### [DIRECTIONS]
Across the whole listing, return each line exactly, with no images included.

### [MATERIAL PROVIDED]
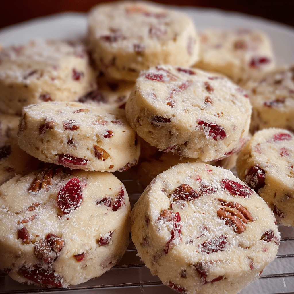 What makes these cookies so special is their perfect balance of textures and flavors. The simplicity of the shortbread base allows the cherries and nuts to be the stars, while the powdered sugar gives the cookies a finer, more delicate crumb than granulated sugar would. Forming the dough into logs and chilling ensures clean, even slices and helps the cookies hold their shape during baking. The cherries not only add wonderful flavor and color but also keep the cookies moist for days. This recipe is wonderfully adaptable—you can use all red cherries for a more uniform look or mix red and green for extra holiday cheer, and the nuts can be pecans, walnuts, or even almonds depending on your preference. These cookies freeze beautifully both as dough logs and after baking, making them a practical and delicious addition to your holiday cookie tradition.
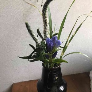 おはようございます😊 お稽古のお花 ✨٩(ˊᗜˋ*)و リンドウ、タカノハススキ、トラノオ、シキンカラマツソウ、クサレ玉 暑さで、元気がなかったので、 水切り、新聞紙に包んで 深水につけておき、一日経つと 復活✨ 🤗 バンザイ お花の名前間違えて、ちびまる子さんにご指摘して頂きました。 🥵 感謝💐🙋♀ きょうも暑くなりそうです。水分補給願います。 只 [冂] [三]
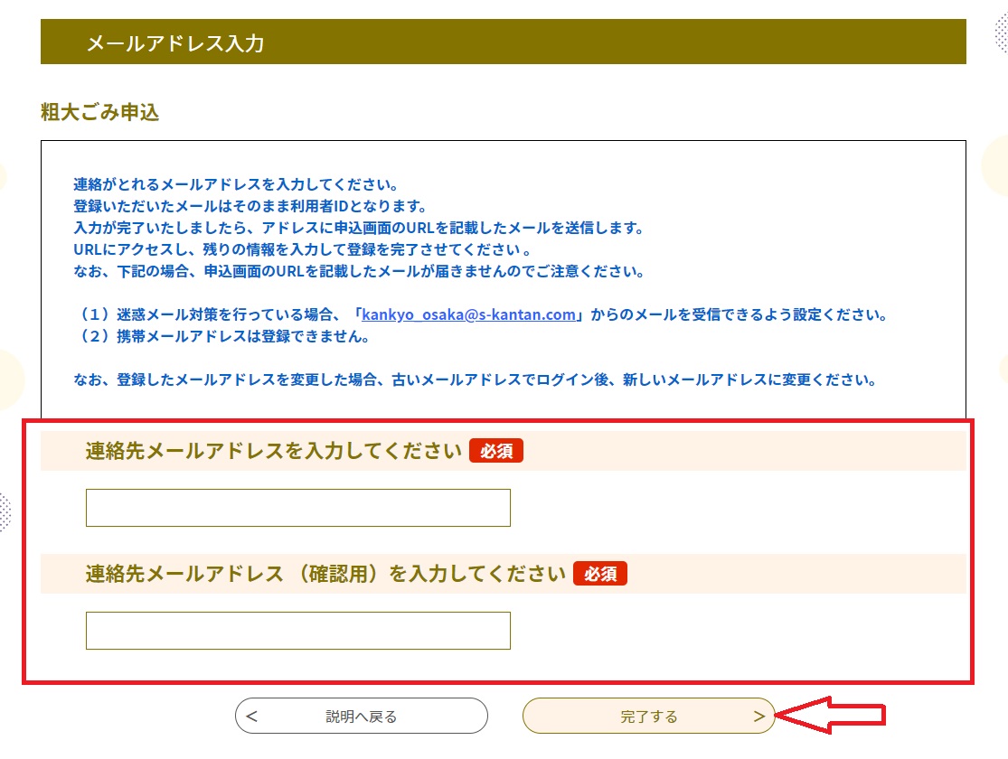 메일 주소를 확인한 후에 드디어 버리는 쓰레기에 대한 정보를 입력할 수 있습니다.
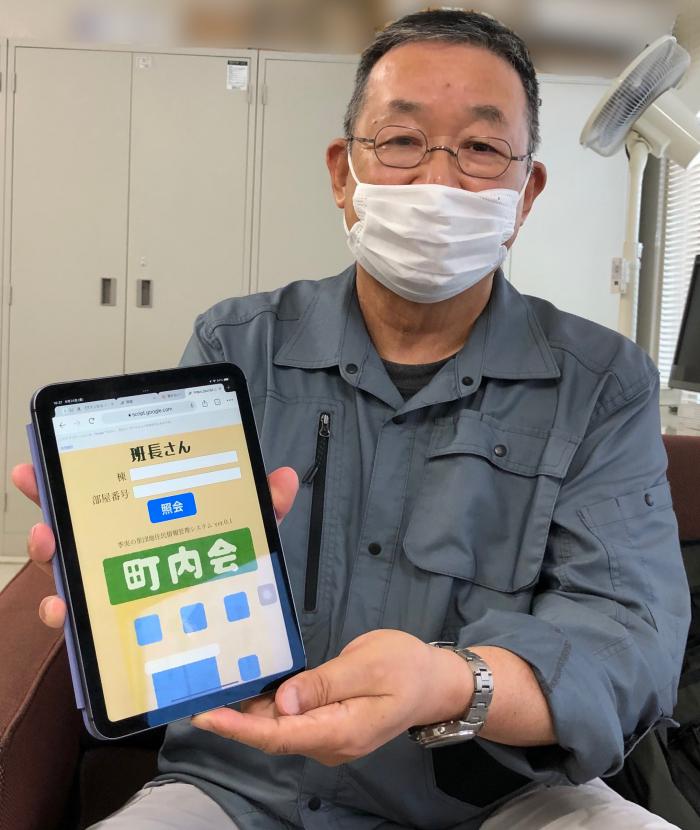 現在はコロナ下で一部の取り組みに限定して開催していますが、団地の住民の半数以上が高齢者とのことで、今、最も力を入れているのがタブレットを活用した高齢者等の見守り体制の確立です。高齢者等の見守りデータベースは以前から整備していましたが、これをタブレットで閲覧しやすくするための専用システムを新たに制作しました。理事長の磯野さんは「これはセキュリティ対策を徹底したもので、4人の役員がどこにいても緊急事態の際に安全に情報を共有できるようになりました」と話します。
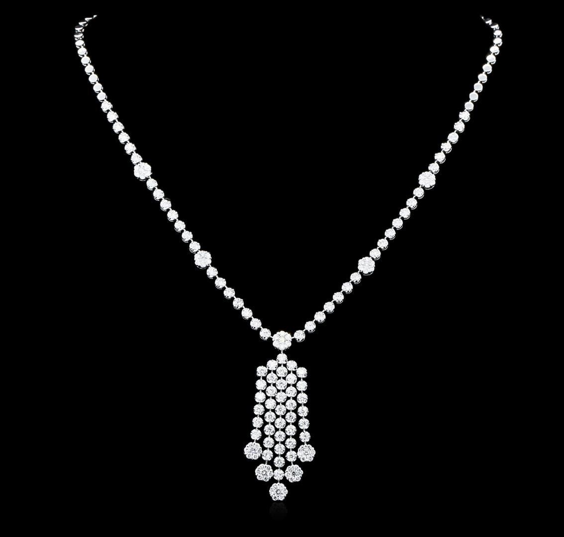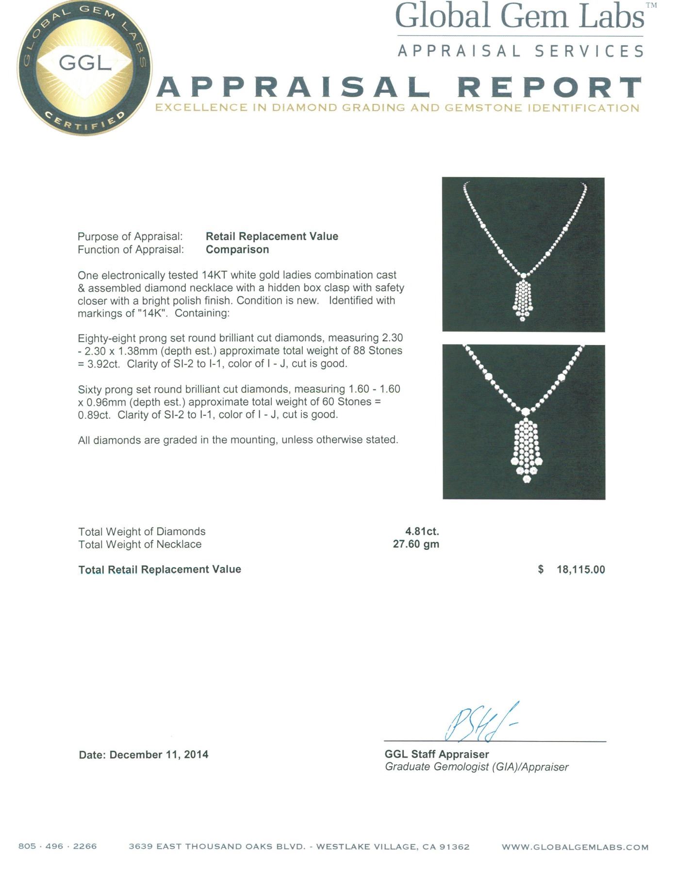 One electronically tested 14KT white gold ladies combination cast & assembled diamond necklace with a hidden box clasp with safety closer with a bright polish finish. Identified with markings of "14K". Condition is new. Containing: Eighty-Eight prong set round brilliant cut diamonds, measuring 2.30 - 2.30 x 1.38mm (depth est.) approximate total weight of 88 Stones = 3.92ct. Clarity: SI-2 to I-1. Color: I - J, Cut is Good. Sixty prong set round brilliant cut diamonds, measuring 1.60 - 1.60 x 0.96mm (depth est.) approximate total weight of 60 Stones = 0.89ct. Clarity: SI-2 to I-1. Color: I - J, Cut is Good. All diamonds are graded in the mounting, unless otherwise stated. Total Weight of Diamonds 4.81ct. Total Weight of Necklace 27.60 grams.

### [WORKED SOLUTION]
 What makes these cookies so special is their perfect balance of textures and flavors. The simplicity of the shortbread base allows the cherries and nuts to be the stars, while the powdered sugar gives the cookies a finer, more delicate crumb than granulated sugar would. Forming the dough into logs and chilling ensures clean, even slices and helps the cookies hold their shape during baking. The cherries not only add wonderful flavor and color but also keep the cookies moist for days. This recipe is wonderfully adaptable—you can use all red cherries for a more uniform look or mix red and green for extra holiday cheer, and the nuts can be pecans, walnuts, or even almonds depending on your preference. These cookies freeze beautifully both as dough logs and after baking, making them a practical and delicious addition to your holiday cookie tradition.
 おはようございます😊 お稽古のお花 ✨٩(ˊᗜˋ*)و リンドウ、タカノハススキ、トラノオ、シキンカラマツソウ、クサレ玉 暑さで、元気がなかったので、 水切り、新聞紙に包んで 深水につけておき、一日経つと 復活✨ 🤗 バンザイ お花の名前間違えて、ちびまる子さんにご指摘して頂きました。 🥵 感謝💐🙋♀ きょうも暑くなりそうです。水分補給願います。 只 [冂] [三]
 메일 주소를 확인한 후에 드디어 버리는 쓰레기에 대한 정보를 입력할 수 있습니다.
 現在はコロナ下で一部の取り組みに限定して開催していますが、団地の住民の半数以上が高齢者とのことで、今、最も力を入れているのがタブレットを活用した高齢者等の見守り体制の確立です。高齢者等の見守りデータベースは以前から整備していましたが、これをタブレットで閲覧しやすくするための専用システムを新たに制作しました。理事長の磯野さんは「これはセキュリティ対策を徹底したもので、4人の役員がどこにいても緊急事態の際に安全に情報を共有できるようになりました」と話します。
 One electronically tested 14KT white gold ladies combination cast & assembled diamond necklace with a hidden box clasp with safety closer with a bright polish finish. Identified with markings of "14K". Condition is new. Containing: Eighty-Eight prong set round brilliant cut diamonds, measuring 2.30 - 2.30 x 1.38mm (depth est.) approximate total weight of 88 Stones = 3.92ct. Clarity: SI-2 to I-1. Color: I - J, Cut is Good. Sixty prong set round brilliant cut diamonds, measuring 1.60 - 1.60 x 0.96mm (depth est.) approximate total weight of 60 Stones = 0.89ct. Clarity: SI-2 to I-1. Color: I - J, Cut is Good. All diamonds are graded in the mounting, unless otherwise stated. Total Weight of Diamonds 4.81ct. Total Weight of Necklace 27.60 grams.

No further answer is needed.